The Eiffel Tower and the Taj Mahal are mine to see on clear days
You thought that I would need a crystal ball to see right through the haze

ヱツフヱル塔からタジ·マハアル迄
日和の時にやア眼中よ
てめへの心の霧を透かすに
水晶玉は要らないぜ


Well, here's a poke at you
You're gonna choke on it too
You're gonna lose that smile
Because all the while

これ見てせへぜへ驚きゃあがれ
てめへにやグウの音も出めへ
笑つてゐるのも今のうちだぜ
俺はズーッと見てたんでひ


I can see for miles and miles
I can see for miles and miles
I can see for miles and miles and miles and miles and miles
And miles and miles and miles

ソリヤ 見えるわ見えるわ 安房上総
見えるわ見えるわ 紀伊淡路
見えるわ見えるわ てめへが心根
白浪小浪の涯までも


I can see for miles and miles
I can see for miles and miles
I can see for miles and miles
I can see for miles and miles
I can see for miles and miles
I can see for miles and miles

ヤ 見えるわ見えるわ 伊豆鎌倉
見えるわ見えるわ 須磨明石
見えるわ見えるわ 唐天竺
見えるわ見えるわ 亜墨利加英吉利
見えるわ見えるわ てめへが心根
三千世界の裏までも


助六由縁江戸桜 6

初めて聞いた時から、歌舞伎的な印象の強い歌だという感想を持っていた。スケールの大きいところとか。メリハリの利いてるところとか。とはいえ私は歌舞伎というものを実際には見たことがない。今は亡き米朝師匠や吉朝師匠が「芝居物」の落語を得意としていたので、それを通じて「雰囲気」を知っていた程度である。

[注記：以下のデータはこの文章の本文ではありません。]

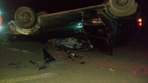 Uma colisão entre dois carros causou um capotamento na rodovia que liga Viçosa a Canaã na noite do último domingo (28). O Corpo de Bombeiros foi acionado por volta das

そんな中で、歌舞伎の初心者がまず見るべしとされている「助六由縁江戸桜」という演目の中に、「はけ先の間から覗いて見ろ、安房上総が浮絵のように見えるわ」というセリフがあるらしいことを偶然知り、その「風景」とこの歌の「風景」が何となく重なるように感じられたことから、今回の翻訳とは相成った(←影響を受けている)。もとより歌舞伎にも江戸文化にも通じていない贅六育ちが雰囲気だけをマネしてデッチあげた試訳にすぎないので、見る人が見たら「おかしなところ」が山ほど出てくる言葉遣いになっていると思う。できることならそういうのを「ちゃんと」知ってる人に「ちゃんとした」訳詞を書いてほしいというのが私の希望である。この歌はぜひそういう、「ちゃんとした古典の言葉」で聞いてみたい。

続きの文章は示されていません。